It sounds like something a science-fiction writer in the 1970s might dream up in a story about the future, but no, kids these days really are into "slime videos" on YouTube, where users demonstrate how to create homemade putty-like slime. The craze has produced at least one bona fide star in Karina Garcia, a 23-year-old who, according to The New York Times, is making a consistent six figures a month churning out slime for her more than 5.7 million YouTube subscribers.

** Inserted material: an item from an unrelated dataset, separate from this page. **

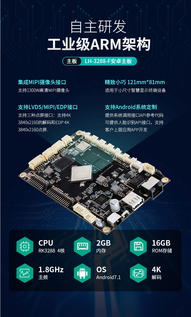 ·標準配置采用自主研發(fā)主板RK3288,運行內(nèi)存和硬盤儲存分別為2G+ 16G,性能更穩(wěn)定,支持配置升級,滿足出入常見長時間運行工作狀態(tài);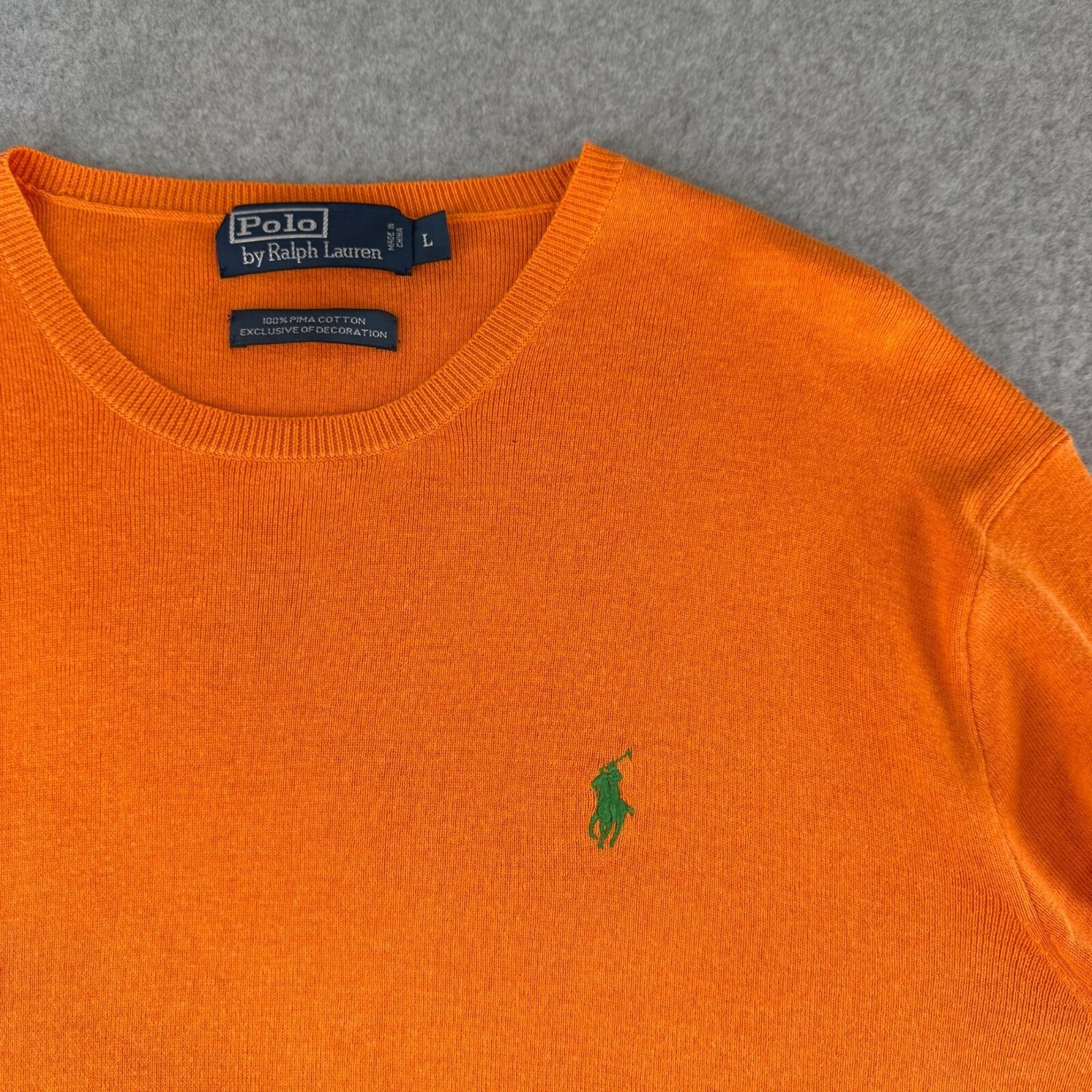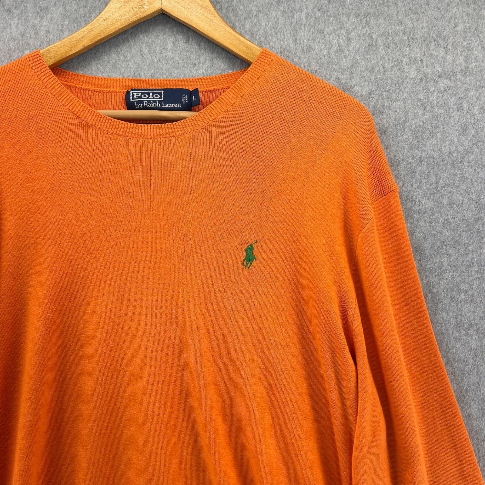 Polo Ralph Lauren Size Large Orange Crewneck Sweater Orange Pony Logo Men's Prep

Garcia is pulling in between $20,000 and $60,000 a month for very lucrative sponsorship deals with companies like Coca-Cola and Disney. That comes to a bare minimum of $100,000 per month, according to Garcia herself, and on "a good month" she finds herself with checks of up to $200,000. And her parents have no reason to be ashamed of their slime-loving daughter, because also according to her:
"I've retired my parents. It's definitely really crazy. Even I can't believe it."
Her slimy fame on the internet has also allowed Garcia to sign a book deal, to write DIY Slime, a book containing 15 of her recipes for homemade slime. Her approach to the stuff far outstrips large outfits like Nickelodeon and the Silly Putty people in terms of novel innovation – for instance, one of her most popular recipes is for an "Edible Slime" made out of pink Starburst candy.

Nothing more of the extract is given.